- Stored items from a collection -
══════

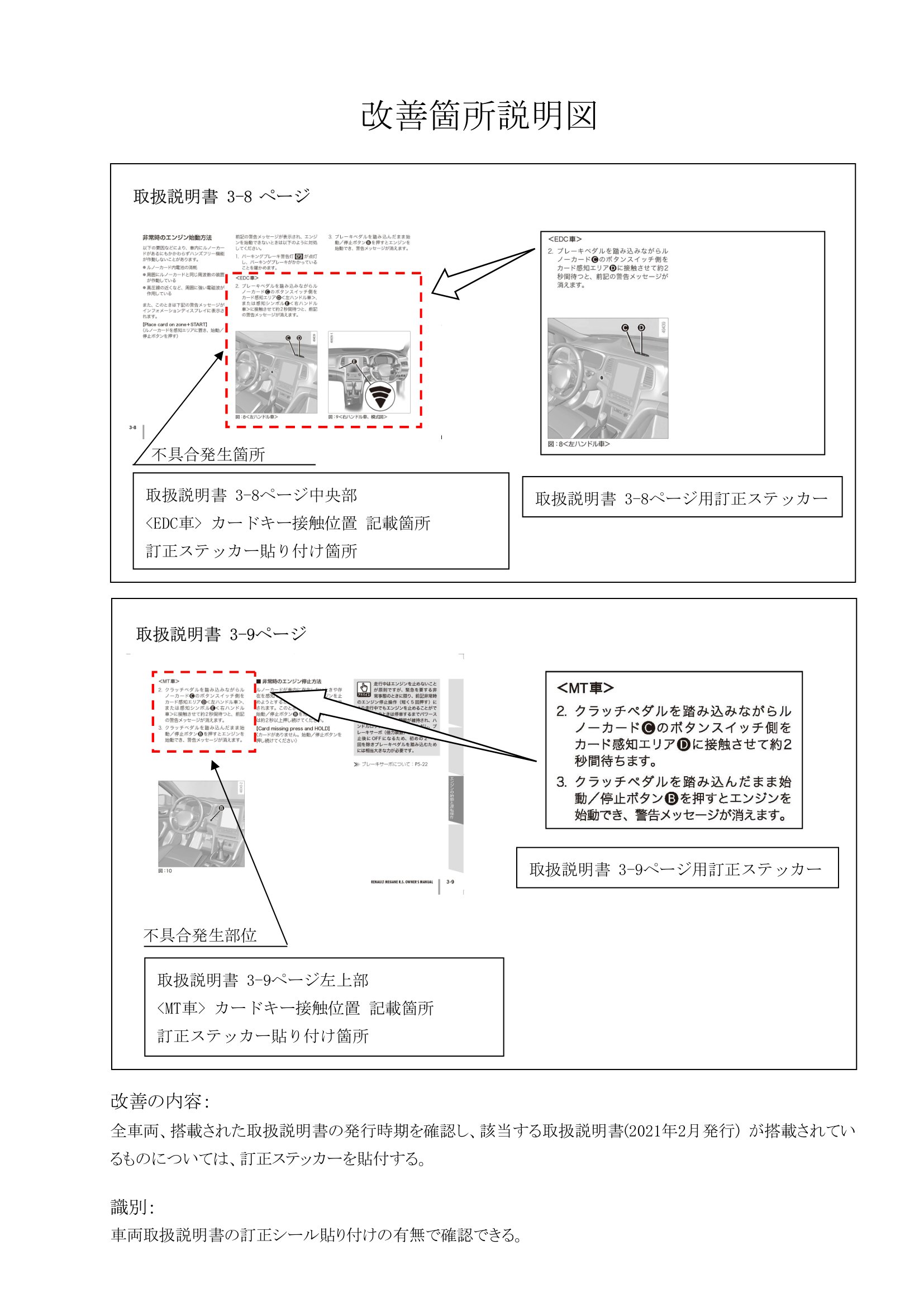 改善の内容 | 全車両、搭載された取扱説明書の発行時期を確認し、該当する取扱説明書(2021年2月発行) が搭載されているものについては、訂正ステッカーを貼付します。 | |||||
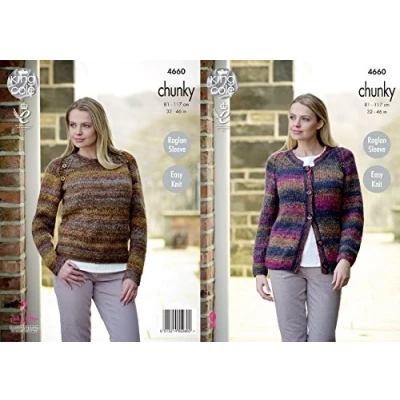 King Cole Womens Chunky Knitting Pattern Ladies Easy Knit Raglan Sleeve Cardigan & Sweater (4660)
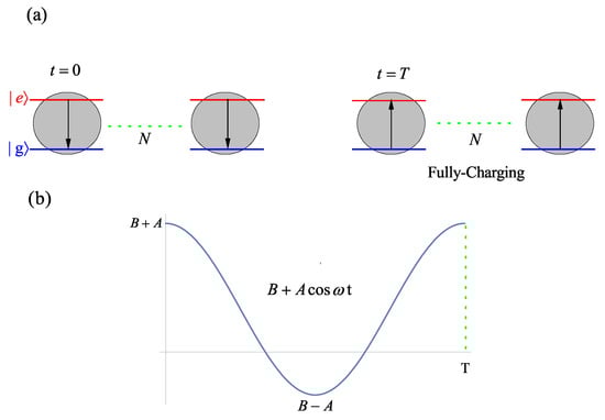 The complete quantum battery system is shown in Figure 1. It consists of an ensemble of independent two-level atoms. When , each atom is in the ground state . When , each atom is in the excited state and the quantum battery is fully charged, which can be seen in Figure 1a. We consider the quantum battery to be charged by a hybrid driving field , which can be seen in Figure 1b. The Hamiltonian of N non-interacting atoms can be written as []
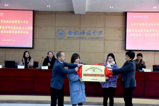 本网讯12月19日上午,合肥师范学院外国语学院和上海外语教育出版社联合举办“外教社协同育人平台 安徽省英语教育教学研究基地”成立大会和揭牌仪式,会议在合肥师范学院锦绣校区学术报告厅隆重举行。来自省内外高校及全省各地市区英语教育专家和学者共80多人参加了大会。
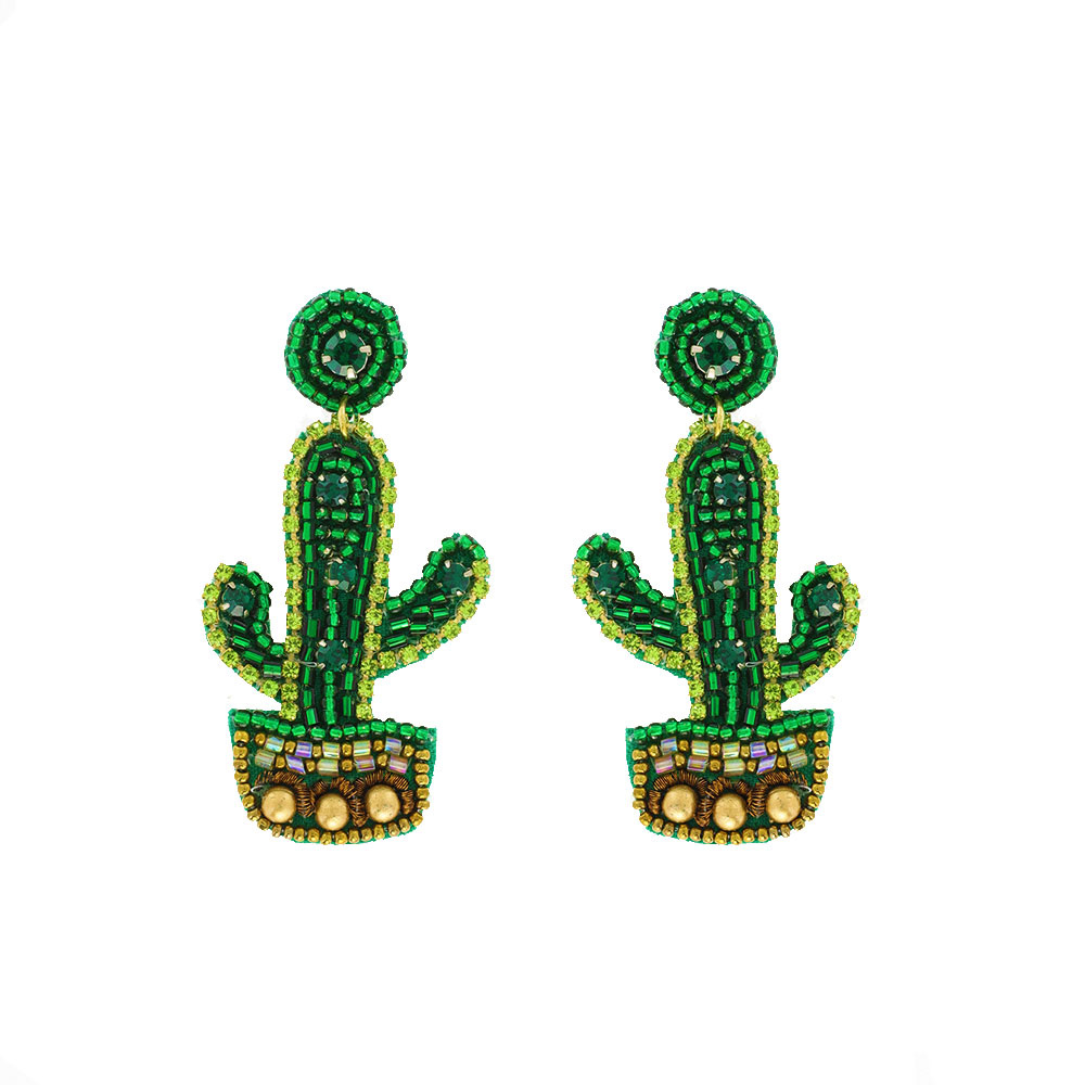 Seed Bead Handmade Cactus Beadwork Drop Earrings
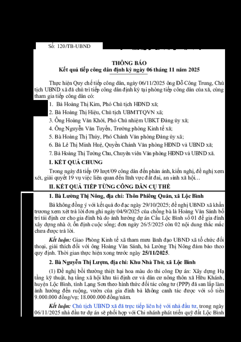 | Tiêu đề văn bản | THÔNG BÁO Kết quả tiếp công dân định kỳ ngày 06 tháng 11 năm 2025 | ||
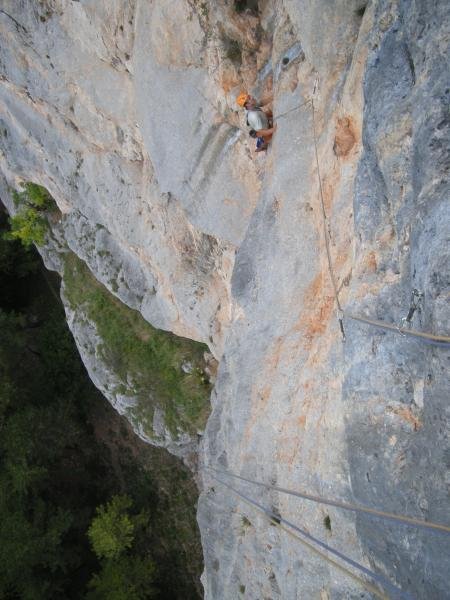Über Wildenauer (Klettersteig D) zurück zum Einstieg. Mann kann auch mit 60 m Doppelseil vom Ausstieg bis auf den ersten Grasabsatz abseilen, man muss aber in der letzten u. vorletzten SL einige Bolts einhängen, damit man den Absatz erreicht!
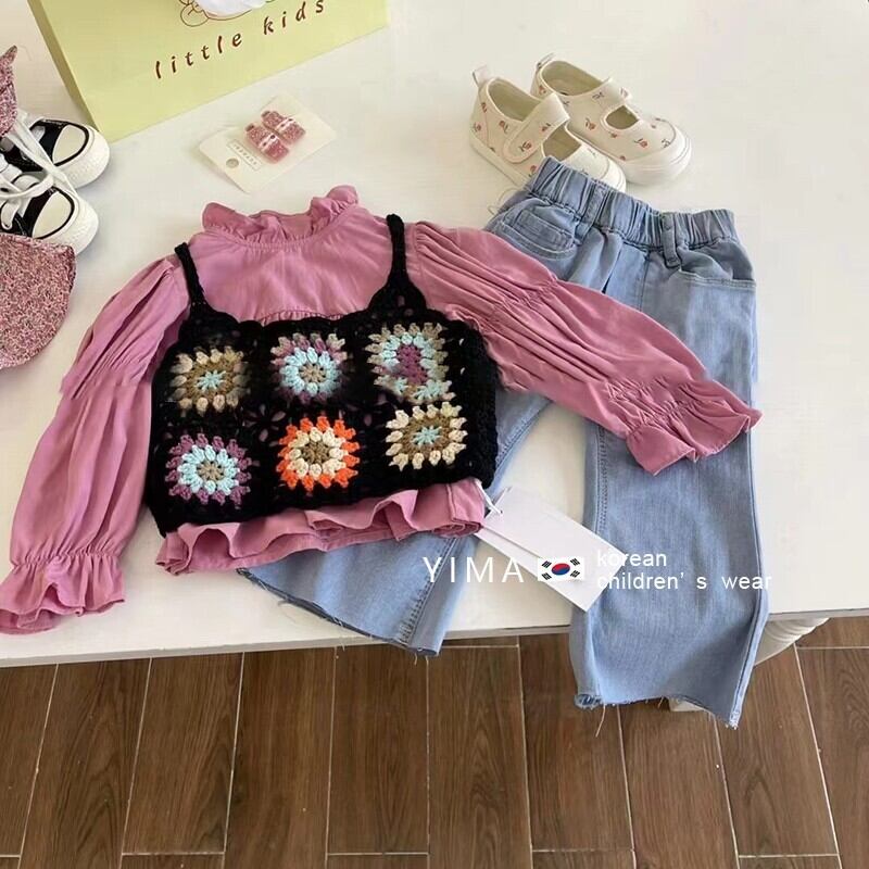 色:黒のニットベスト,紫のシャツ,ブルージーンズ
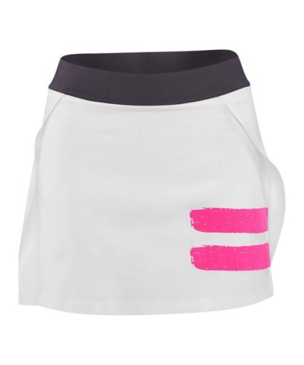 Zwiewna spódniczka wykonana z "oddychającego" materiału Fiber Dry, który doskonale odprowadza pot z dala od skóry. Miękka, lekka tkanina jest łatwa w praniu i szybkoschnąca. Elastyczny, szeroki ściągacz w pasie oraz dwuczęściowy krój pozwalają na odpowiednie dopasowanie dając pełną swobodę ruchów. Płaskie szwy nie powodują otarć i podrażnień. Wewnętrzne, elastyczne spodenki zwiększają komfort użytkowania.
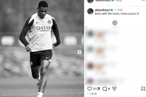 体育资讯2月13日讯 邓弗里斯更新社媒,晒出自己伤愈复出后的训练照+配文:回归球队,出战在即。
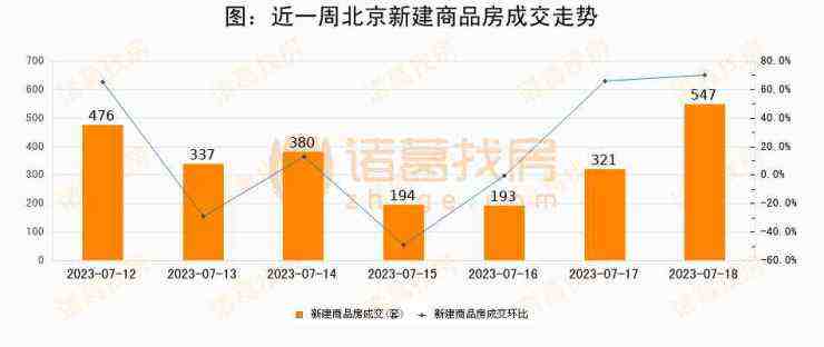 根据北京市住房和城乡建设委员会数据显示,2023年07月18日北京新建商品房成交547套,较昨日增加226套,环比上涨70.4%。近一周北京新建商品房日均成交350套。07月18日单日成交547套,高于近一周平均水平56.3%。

══════

- WHAT YOU WILL DO -
The lines to restate word for word run from the line that contains "Zwiewna spódniczka wykonana" through the end of the entries above, both ends included. Leave out all pictures and write nothing else.

- ANSWER FOR THE TASK -
 Zwiewna spódniczka wykonana z "oddychającego" materiału Fiber Dry, który doskonale odprowadza pot z dala od skóry. Miękka, lekka tkanina jest łatwa w praniu i szybkoschnąca. Elastyczny, szeroki ściągacz w pasie oraz dwuczęściowy krój pozwalają na odpowiednie dopasowanie dając pełną swobodę ruchów. Płaskie szwy nie powodują otarć i podrażnień. Wewnętrzne, elastyczne spodenki zwiększają komfort użytkowania.
 体育资讯2月13日讯 邓弗里斯更新社媒,晒出自己伤愈复出后的训练照+配文:回归球队,出战在即。
 根据北京市住房和城乡建设委员会数据显示,2023年07月18日北京新建商品房成交547套,较昨日增加226套,环比上涨70.4%。近一周北京新建商品房日均成交350套。07月18日单日成交547套,高于近一周平均水平56.3%。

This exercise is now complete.